Jimmy Carmichael
- Born: James Howden Carmichael 22 March 1900 Edinburgh, Scotland
- Died: 4 January 1990 (aged 89) Edinburgh, Scotland

Rugby union career
- Position: Wing

Amateur team(s)
- Years: Team / Apps / (Points)
- Watsonians

Provincial / State sides
- Years: Team / Apps / (Points)
- 1920: Edinburgh District

International career
- Years: Team / Apps / (Points)
- 1921: Scotland / 3 / (0)

= Jimmy Carmichael (rugby union) =

Scotland international rugby union player

Jimmy Carmichael (22 March 1900 – 4 January 1990) was a Scotland international rugby union player.

==Rugby Union career==

===Amateur career===

He played rugby union for Watsonians.

===Provincial career===

He played for Edinburgh District in the 1920 inter-city match.
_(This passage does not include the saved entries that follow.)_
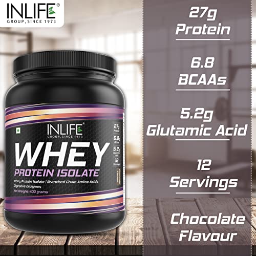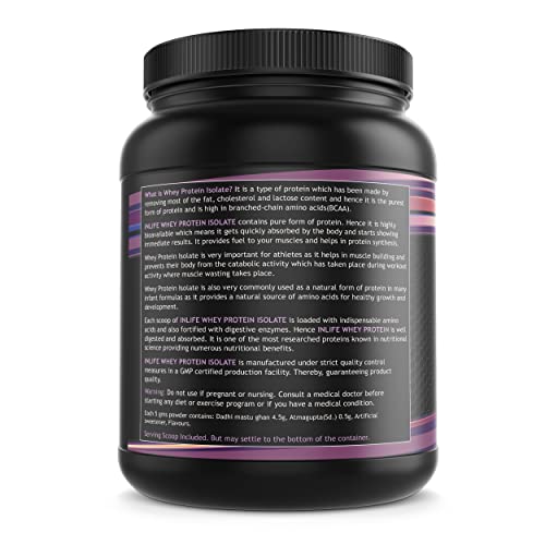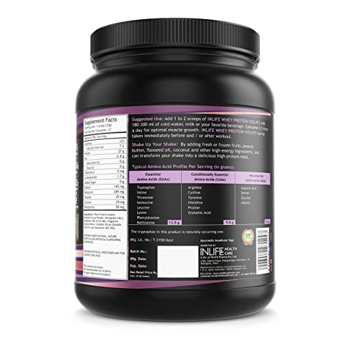 QUALITY PROTEIN: INLIFE 100% Whey Protein Isolate your muscles absorb the protein very fast it's the best kind of whey protein powder if you want to improve body composition. It has whopping 27 grams protein for every 33 grams (1 scoop) of serving ideal for protein synthesis and building muscle. Its high in BCAA's and EAAS they help to protect your muscles increase muscle mass resistance and help with your overall hormonal environment.PACKED WITH DIGESTIVE ENZYMES: Not only is INLIFE 100% Isolate Whey Protein is full of Quality protein but it also has the added benefit of digestive enzymes to help you get the most out of each scoop and puts the Quality protein to work quickly and efficiently. AMAZING TASTE PROFILE: INLIFE Whey is formulated not only for an amazing taste but it also mixes easily and smoothly in your drink of choice. No chunks great flavour no stomach bloating. Nothing but Quality protein powder to fuel your muscles and a taste you will look forward to every time. Quality MUSCLE FOOD: INLIFE Whey is fast absorbing and has a clean profile to help you reach your nutrition and fitness goals. If you are packing on weight or cutting calories INLIFE Whey protein isolate powder is the protein powder that can get you there. Available in 2 sizes: 400 gm and 1kg. SHARE: Consider ordering one bottle for yourself and another for a friend or loved one. Keep each other motivated and reach your goals together and more quickly. INLIFE Healthcare stands by every quality product they make. We manufacture only premium and extra pure but high potency vitamins capsules tablets powders multivitamins herbal supplements and natural herbal skin & personal care products for men women and children. Check INLIFE Healthcare out today!
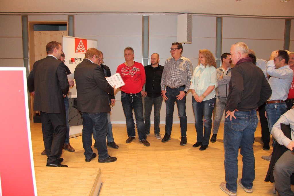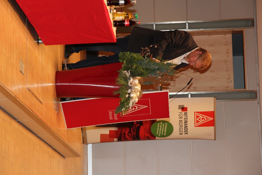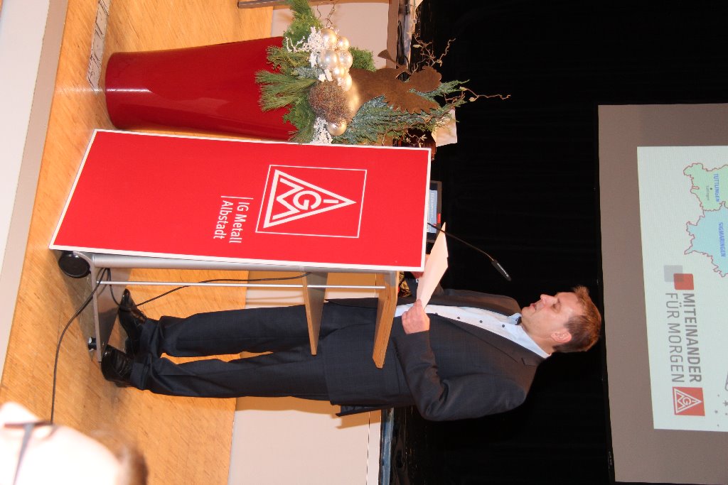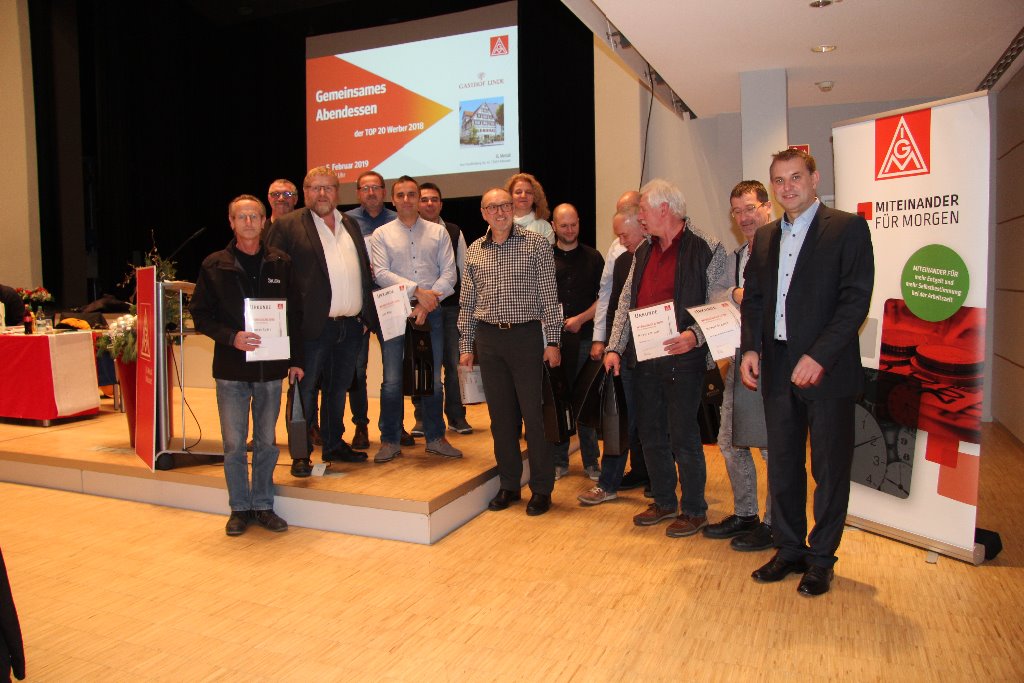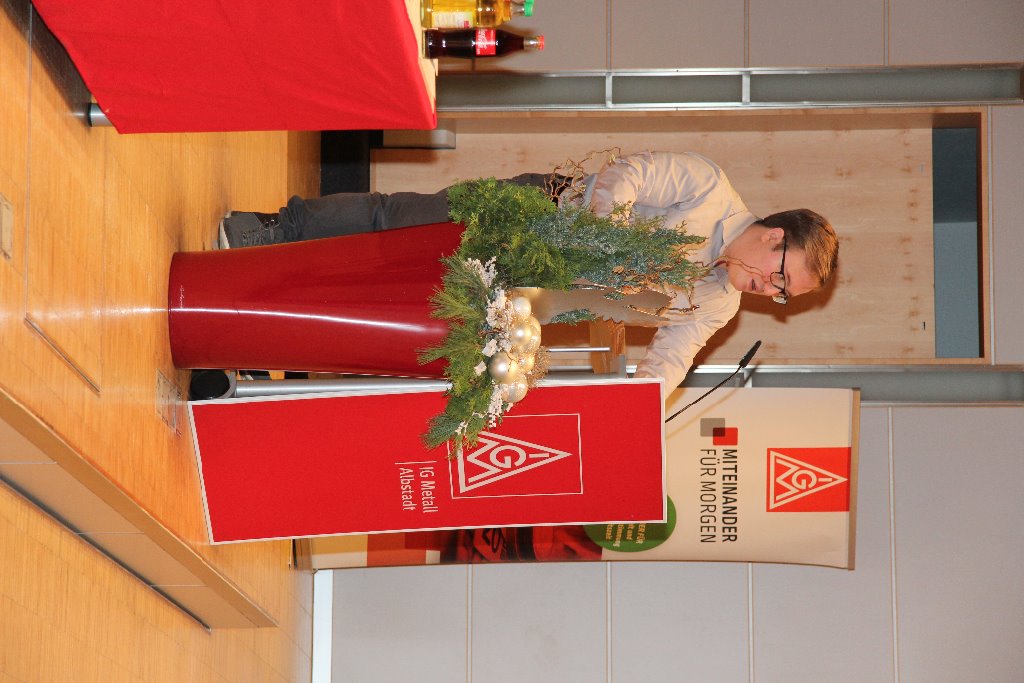 Michael Föst, Geschäftsführer der IG Metall Albstadt, lobte die Anwesenden für ihre hervorragende Mitgliederwerbung, insgesamt wurden über 1.100 neue Mitglieder für die IG Metall Albstadt geworben. "2018 ist damit das drittbeste Jahr der letzten Dekade" führte Michael Föst aus. "Danke, an euch alle! Danke! Für dieses tolle Ergebnis."
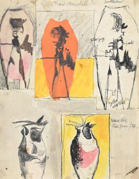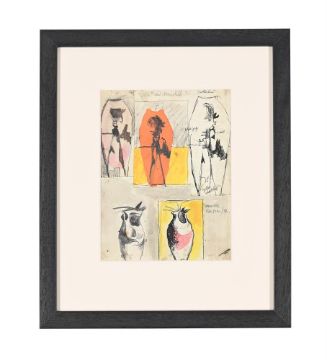 λ GRAHAM SUTHERLAND (BRITISH 1903-1980) STUDIES FOR 'RED MONOLITH' 1937 Ink, watercolour, gouache, pencil and collage Signed, titled Red monolith and dated 38 (to upper edge); further inscribed with colour notes (upper right); titled vase like tree form and dated 37/8 (lower right) 20.3 x 15.3cm (7 x 6 in.) There is a sketch executed in coloured crayons to the reverse of the sheet. Provenance: Private Collection, Herbert Spencer (a gift from the artist) Thence by descentLiterature:D. Cooper, The Work of Graham Sutherland, London, 1961, no.12b (illustrated)  Condition Report: The sheet is stuck down at the four corners. Surface dirt throughout. Condition Report Disclaimer
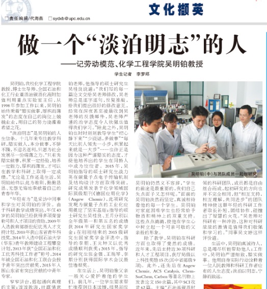 除了教学,吴明铂在科研方面也取得了斐然的成绩。近年来,先后主持近30项科研和人才工程项目,获厅局级以上科技奖励15次(其中省部级9项)。此外,还先后在Angew Chemie, ACS Catalysis, ChemSusChem, Carbon等著名刊物上发表论文150余篇,其中SCI收录62篇。主编“石油基碳质材料的制备及应用”专著一部。已获发明专利20项,实用新型专利4项。据了解,吴明铂带领的科研团队,成员都是自由组合而成,起初研究的方向也并不完全相同,但“相互支持,相互理解,共同进步”的团队精神使这群年轻的科研工作者取长补短,团结协作,碰撞出了智慧的火花。“吴老师对科研有一种冲劲,这种对科研浓浓的激情是值得我们敬佩和学习的。”同事吴文婷这样评价道。
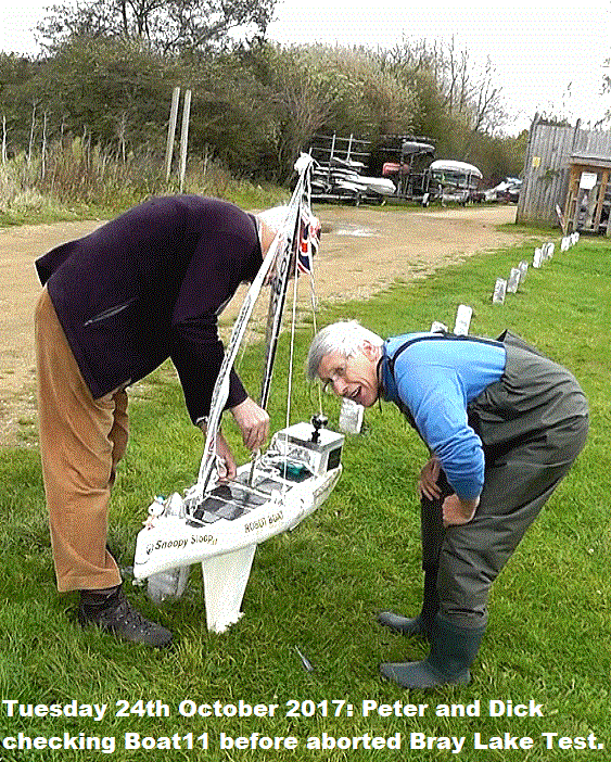 Peter, Dick and Robin to Snoopy's Boats 11 and 12 for Bray Lake Test with software version "Romeo" on 1st December.

===International career===

He received 3 caps for Scotland in 1921.

==Family==

He was born to Duncan Smith Carmichael (1870-1933) and Jane Ann Jackson Howden (1873-1947). He married Vera Margaret Wood Hawks (1900-1990) in 1926.

His son Dennis also played for Watsonians. He is a noted administrator for the club, a former president, and Team Secretary and Honorary President. He won a Lifetime Achievement Award by the SRU.